Konflik berasal dari kata kerja Latin configere yang berarti saling memukul. Secara sosiologis,
konflik diartikan sebagai suatu proses sosial antara dua orang atau lebih (bisa juga kelompok)
dimana salah satu pihak berusaha menyingkirkan pihak lain dengan menghancurkannya atau
membuatnya tidak berdaya. Konflik bertentangan dengan integrasi. Konflik dan Integrasi
berjalan sebagai sebuah siklus di masyarakat. Konflik yang terkontrol akan menghasilkan
integrasi. sebaliknya, integrasi yang tidak sempurna dapat menciptakan konflik.
Dalam pandangan interaksionis terdapat 2 konflik yang dapat menyelesaikan tujuan kelompok
dan konflik yang menghambat tujuan kelompok, yaitu:
• Konflik fungsional. Yaitu konflik yang mendukung tujuan kelompok dan meningkatkan
kinerjanya
• Konflik disfungsional. Yaitu konflik yang menghambat kinerja kelompok
Jenis Konflik
Menurut Stephen P.Robbin, proses konflik dapat dipahami sebagai sebuah proses yang terdiri
atas lima tahapan: potensi pertentangan atau ketidakselarasan, kognisi dan personalisasi, maksud,
perilaku, dan akibat.
Tahap pertama dalam proses konflik adalah munculnya kondisi-kondisi yang menciptakan
peluang bagi pecahnya konflik. Kondisi-kondisi tersebut tidak mesti mengarah langsung ke
konflik, tetapi salah satu darinya diperlukan jika konflik hendak muncul. Kondisi-kondisi
tersebut (sebab atau sumber konflik) dapat dipadatkan ke dalam tiga kategori umum :
komunikasi, struktur, dan variabel-variabel pribadi.
Yaitu tahap dimana isu-isu konflik biasanya didefinisikan dan pada gilirannya akan menentukan
jalan panjang menuju akhir penyelesaian konflik. Sebagai contoh, emosi yang negatif dapat
menyebabkan peremehan persoalan, menurunnya tingkat kepercayaan dan interpretasi negatif
atas perilaku pihak lain. Konflik disyaratkan adanya persepsi dengan kata lain bahwa tidak
berarti konflik itu personalisasi. Selanjutnya konflik pada tingkatan perasaan yaitu ketika orang
mulai terlibat secara emosional.
Tahap 3 : Maksud
Maksud mengintervensi antara persepsi serta emosi orang dan perilaku luaran mereka. Maksud
adalah keputusan untuk bertindak dengan cara tertentu. Banyak konflik bertambah parah semata-
mata karena salah satu pihak salah dalam memahami maksud pihak lain.
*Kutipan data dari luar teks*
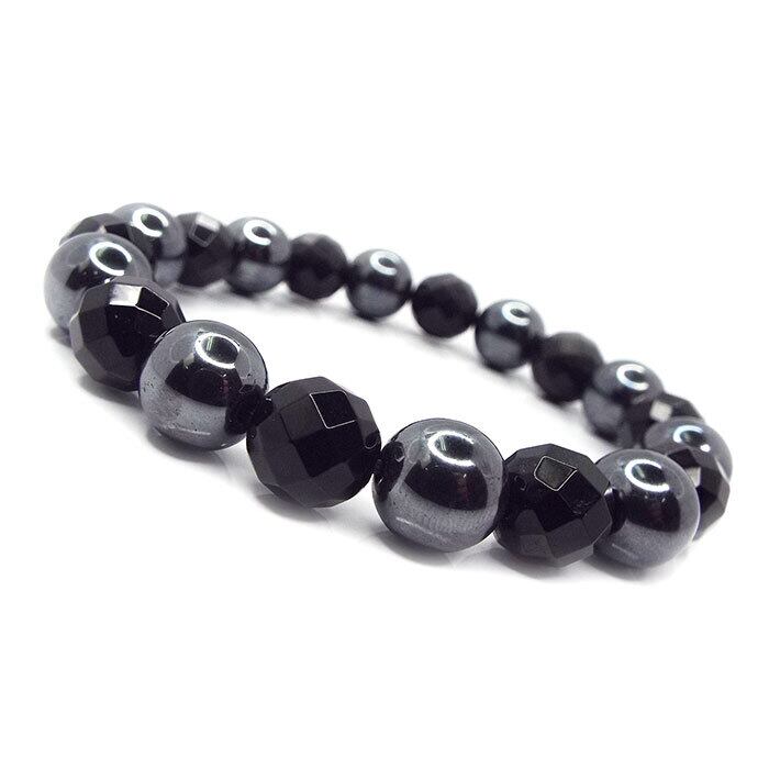 勝利を呼ぶ 天然石 パワーストーン ブレスレット ヘマタイト オニキスカット D2-98

Selain itu, biasanya ada
perbedaan yang besar antara maksud dan perilaku, sehingga perilaku tidak selalu mencerminkan
secara akurat maksud seseorang. muncul karena salah-satu pihak salah dalam memahami maksud
pihak lain.
Tahap 4 : Perilaku
Meliputi pernyataan aksi dan reaksi yang dibuat oleh pihak-pihak yang berkonflik.
Dengan demikian dalam konflik dibutuhkan teknik-teknik manajemen konflik sehingga
mendorong konflik mencapai tingkat konflik yang diinginkan. Untuk meredakan konflik
yang ada, diperlukan untuk mempelajari teknik-teknik manajemen konflik. Manajemen
konflik adalah pemanfaatan teknik-teknik resolusi dan dorongan (stimulasi) untuk mencapai
tingkat konflik yang diinginkan.
Tahap 5 : Akibat
Jalinan aksi reaksi antara pihak yang berkonflik menghasilkan konsekuensi. Akibat atau
konsekuensi ini bisa bersifat fungsional, dalam arti konflik tersebut menghasilkan kinerja
kelompok, atau juga bersifat disfungsional karena justru menghambat kinerja kelompok.
Akibat Fungsional, menjelaskan bahwa konfik dapat menjadi suatu penggerak yang
meningkatkan kinerja kelompok. Konflik bersifat konstruktif ketika hal tersebut
memperbaiki kualitas keputusan, merangsang kreativitas dan inovasi, mendorong minat dan
keingintahuan di antara anggota-anggota kelompok, menyediakan media atau sarana untuk
mengungkapkan masalah dan menurunkan ketegangan, serta menumbuhkan suasana yang
mendorong evaluasi diri dan perubahan.
Akibat Disfungsional, menjelaskan bahwa konflik dapat menghambat kinerja dari sebuah
kelompok. Di antara konsekuensi-konsekuensi yang tidak diharapkan tersebut, terdapat
lambannya komunikasi, menurunnya kekompakan kelompok, dan subordinasi tujuan
kelompok oleh dominasi perselisihan antaranggota.